Bisphenol: Urinary Concentration and Risk of Future Coronary Artery Disease


Urinary Bisphenol: A Concentration and Risk of Future Coronary Artery Disease in Apparently Healthy Men and Women

  1. David Melzer1*
  2. Nicholas J. Osborne2
  3. William E. Henley3;
  4. Ricardo Cipelli4
  5. Anita Young5
  6. Cathryn Money5
  7. Paul McCormack5;
  8. Robert Luben6
  9. Kay-Tee Khaw6
  10. Nicholas J. Wareham7;
  11. Tamara S. Galloway4
+Author Affiliations
  1. 1 Peninsula Medical School, University of Exeter, Exeter, United Kingdom;
  2. 2 Peninsula College of Medicine & Dentistry, University of Exeter, Exeter, United Kingdom;
  3. 3 University of Plymouth, Plymouth, United Kingdom;
  4. 4 University of Exeter, Exeter, United Kingdom;
  5. 5 Brixham Environmental Laboratory, Brixham, United Kingdom;
  6. 6 University of Cambridge, Cambridge, United Kingdom;
  7. 7 Medical Research Council Epidemiology Centre, London, United Kingdom
  1. * Corresponding author; email: david.melzer@pms.ac.uk

Abstract

Background—The endocrine disrupting chemical Bisphenol A (BPA) is widely used in food and beverage packaging.
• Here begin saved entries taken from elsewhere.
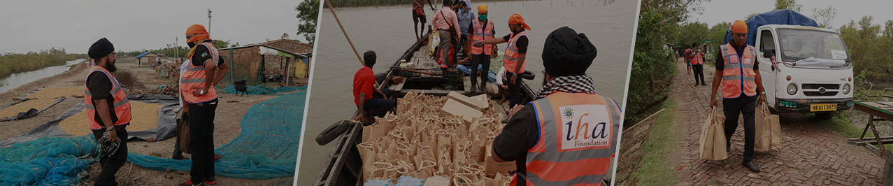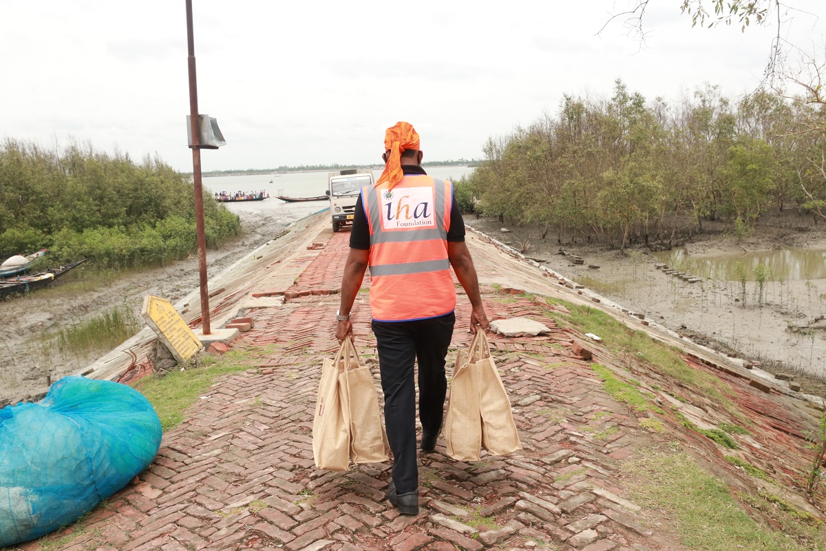 Across the Bengal coastline, the scale of devastation was hugely evident. Reports of hutments washed away, roads broken, river and seabeds eroded and hundreds of village still under water, with some persons still untraceable. IHA Foundation immediately dispatched his team of volunteers to Sunderbans with relief material like tarpaulin, ropes, clothes, dry ration like muri, gur, chanachur, chira etc along with Ration kits consisting of rice, dal, oil, atta, tea, milk powder etc.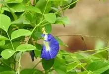 蝶豆是豆科蝶豆属植物。攀援状草质藤本。茎、小枝细弱,被脱落性贴伏短柔毛。叶长2.5-5厘米;托叶小,线形,长2-5毫米;叶柄长1.5-3厘米。花大,单朵腋生;苞片2,披针形。荚果长5-11厘米,…全部>>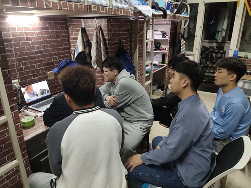 学生们在宿舍内观看央视节目

Higher urinary BPA concentrations (uBPA) were cross-sectionally associated with heart disease in NHANES 2003/04 and NHANES 2005/6, independent of traditional risk factors.
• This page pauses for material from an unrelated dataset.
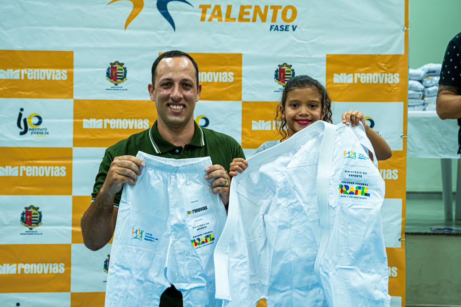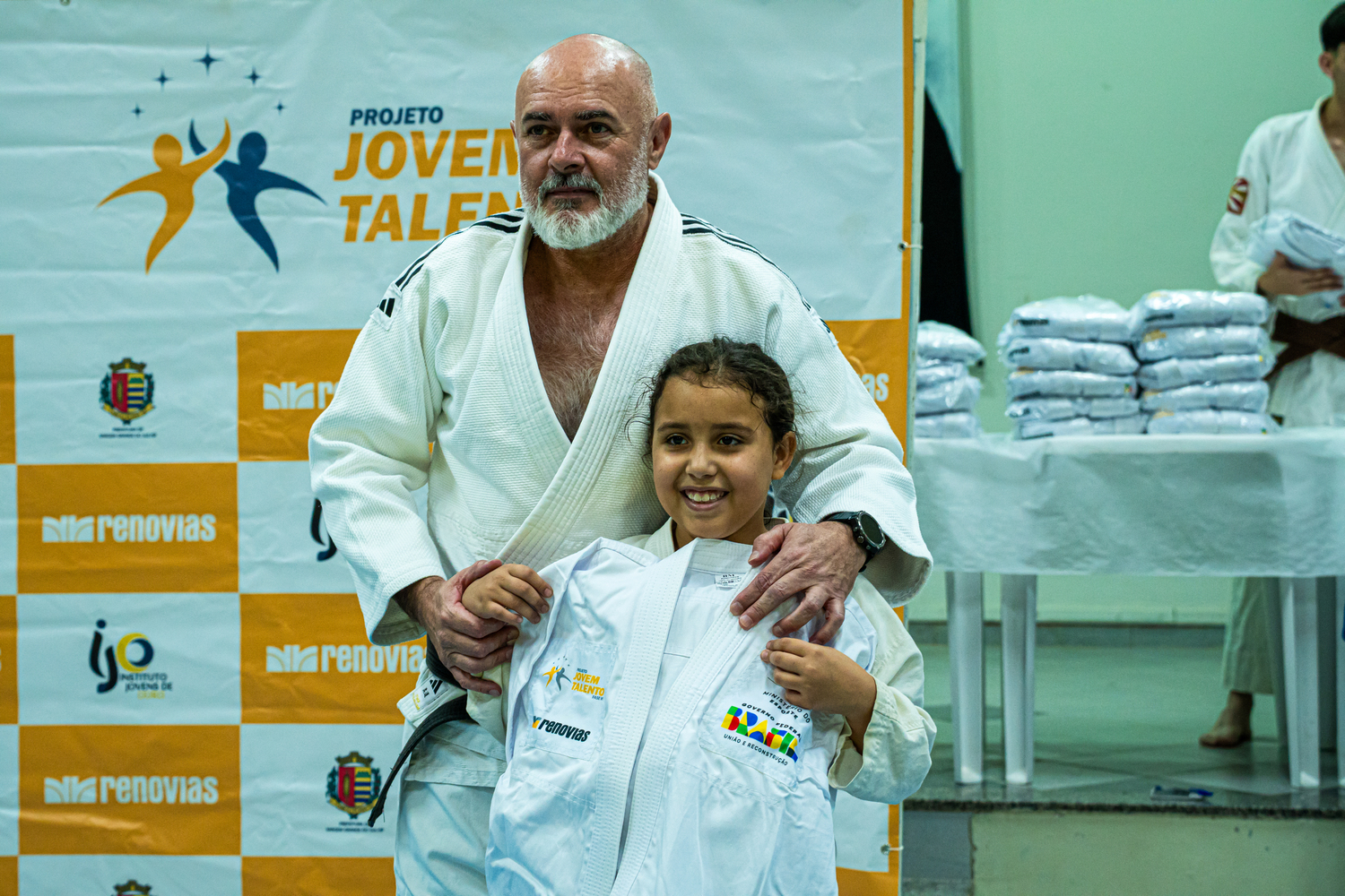 Na quarta-feira, 18 de setembro, os alunos do Projeto Jovem Talento VI de Vargem Grande do Sul viveram um momento especial com a cerimônia de entrega de novos kimonos. O evento aconteceu no tradicional Clube XXI de Abril e reuniu alunos, familiares e autoridades locais em uma tarde marcada por emoção, reconhecimento e valorização do esporte. Estiveram presentes na cerimônia o Vice-Prefeito de Vargem Grande do Sul, Guilherme Nicolau; o Diretor de Esportes, André Leoni; o representante do Instituto Jovens de Ouro, Fabricio Oliveira; e o sensei do projeto, Daniel Silva. A participação das lideranças reforçou a importância da iniciativa e demonstrou o apoio ao trabalho realizado no município por meio do judô. O projeto é realizado através do patrocínio da Renovias, por meio da Lei de Incentivo ao Esporte. Seu apoio garante não apenas a manutenção das aulas de judô, mas também a entrega de materiais esportivos adequados, que fortalecem o aprendizado e motivam os alunos. Para os alunos, receber o kimono representa um símbolo de disciplina, respeito e dedicação às aulas. Os familiares acompanharam com orgulho a conquista dos jovens, que vêm se desenvolvendo por meio do esporte.

Methods and Results—We included 758 incident coronary artery disease (CAD) cases and 861 controls followed for 10.8 yrs from the European Prospective Investigation of Cancer - Norfolk UK. Respondents aged 40-74 yrs and free of CAD, stroke or diabetes provided baseline spot urine samples. uBPA concentrations (median value 1.3 ng/ml) were low. Per standard deviation (4.56ng/ml) increases in uBPA concentration were associated with incident CAD in age, sex and urinary creatinine adjusted models (n=1919, OR=1.13 95% CI 1.02 to 1.24, p=0.017). With CAD risk factor adjustment (including education, occupational social class, BMI category, systolic blood pressure, lipid concentrations and exercise) the estimate was similar but narrowly missed two-sided significance (n=1744 OR=1.11 95% CI: 1.00 to 1.23, p=0.058). Sensitivity analyses with the fully adjusted model, excluding early CAD (<3 year follow up); those with BMI>30; abnormal renal function; or adjusting additionally for vitamin C; C-reactive protein; or alcohol consumption, all produced similar estimates and all showed associations at p≤0.05.
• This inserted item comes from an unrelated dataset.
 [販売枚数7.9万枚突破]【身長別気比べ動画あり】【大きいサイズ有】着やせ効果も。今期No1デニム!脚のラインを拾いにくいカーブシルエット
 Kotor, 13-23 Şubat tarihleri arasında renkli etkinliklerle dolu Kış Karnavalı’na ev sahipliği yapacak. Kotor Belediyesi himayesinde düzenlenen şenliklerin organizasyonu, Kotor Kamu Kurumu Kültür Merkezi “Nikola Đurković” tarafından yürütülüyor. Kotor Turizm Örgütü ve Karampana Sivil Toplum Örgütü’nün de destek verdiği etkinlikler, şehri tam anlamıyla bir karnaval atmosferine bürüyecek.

Conclusions—Associations between higher BPA exposure (reflected in higher urinary concentrations) and incident CAD during over ten years of follow-up showed similar trends to previously reported cross-sectional findings in the more highly exposed NHANES respondents. Further work is needed to accurately estimate the prospective exposure response curve and to establish the underlying mechanisms.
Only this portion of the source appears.